Penggerebekan Klub Malam di Siantar: Polda Sumut Ungkap Jaringan Narkoba

Polda Sumatera Utara berhasil membongkar jaringan peredaran narkoba yang beroperasi di sebuah klub malam di Kota Siantar. Operasi penggerebekan ini merupakan respons terhadap laporan masyarakat yang resah dengan aktivitas ilegal tersebut.

Direktorat Reserse Narkoba Polda Sumut, di bawah kepemimpinan Kombes Jean Calvijn Simanjuntak, bergerak cepat setelah menerima informasi mengenai peredaran narkoba yang terang-terangan di Studio 21, sebuah tempat hiburan malam yang populer di Siantar. Modus operandi jaringan ini adalah menawarkan narkoba secara langsung kepada pengunjung dengan harga yang telah ditentukan.

"Kami menerima banyak aduan dari masyarakat tentang peredaran narkoba yang masif di THM Studio 21. Mereka menawarkan narkoba secara terbuka kepada pengunjung dengan harga Rp 300.000," ungkap Kombes Jean Calvijn.

Tim opsnal Ditresnarkoba Polda Sumut kemudian melakukan penyamaran (undercover buy) untuk memastikan kebenaran informasi tersebut. Dalam operasi penyamaran ini, petugas berhasil menangkap seorang tersangka berinisial RS (38) saat melakukan transaksi narkoba. Dari tangan RS, polisi menyita 97 butir ekstasi dan sejumlah uang tunai hasil penjualan.

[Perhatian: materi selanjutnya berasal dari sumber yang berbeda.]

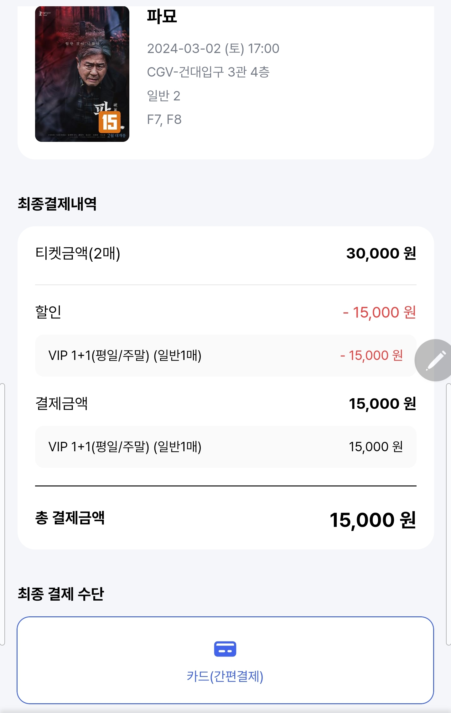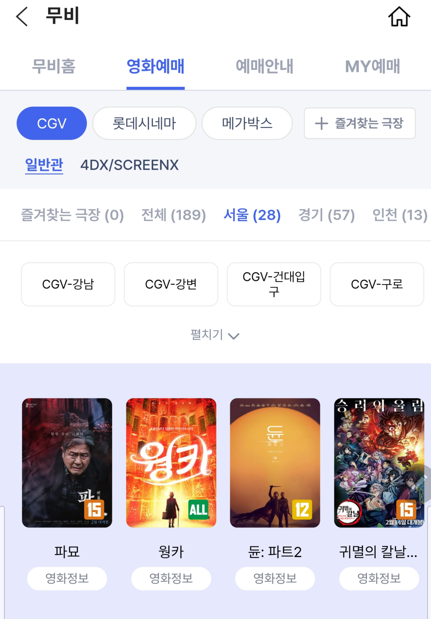 저는 극장은 CGV로 고르고, 영화 '파묘'를 선택해볼게요.

Dari hasil interogasi terhadap RS, polisi berhasil mengidentifikasi dan menangkap tersangka lain, yaitu JS (36). JS berperan sebagai penyetor hasil penjualan ekstasi dan Happy Five kepada seorang yang dikenal sebagai AT. JS mendapatkan keuntungan sebesar Rp 10 ribu dari setiap transaksi.

Pengembangan kasus ini terus berlanjut hingga akhirnya polisi berhasil menangkap tiga tersangka lainnya, yaitu AT, GP, dan RT. Penangkapan para tersangka dilakukan di beberapa lokasi berbeda, termasuk sebuah hotel yang disiapkan oleh seorang buronan (DPO).

Dalam penggerebekan tersebut, polisi berhasil mengamankan sejumlah barang bukti, di antaranya:

  • 60 butir ekstasi warna ungu
  • 33 butir ekstasi warna biru
  • 4 butir ekstasi merek granat warna ungu
  • 15 butir Happy Five
  • Uang hasil penjualan sebesar Rp 9.700.000
  • 6 unit ponsel

Saat ini, kelima tersangka masih menjalani pemeriksaan intensif di Polda Sumut. Polisi juga telah memasang garis polisi (police line) di Studio 21 sebagai tanda bahwa tempat tersebut sedang dalam penyelidikan.

"Kami akan segera bersurat kepada Pemerintah Kota terkait adanya bisnis narkoba di Studio 21 ini," tegas Kombes Jean Calvijn.

Polda Sumut berkomitmen untuk terus memberantas peredaran narkoba di wilayahnya. Operasi penggerebekan di Studio 21 ini merupakan salah satu bukti keseriusan polisi dalam menindak pelaku kejahatan narkotika.

Kasus ini masih terus didalami untuk mengungkap jaringan narkoba yang lebih besar dan menangkap para pelaku lainnya. Polisi juga mengimbau masyarakat untuk terus memberikan informasi jika mengetahui adanya aktivitas peredaran narkoba di lingkungannya.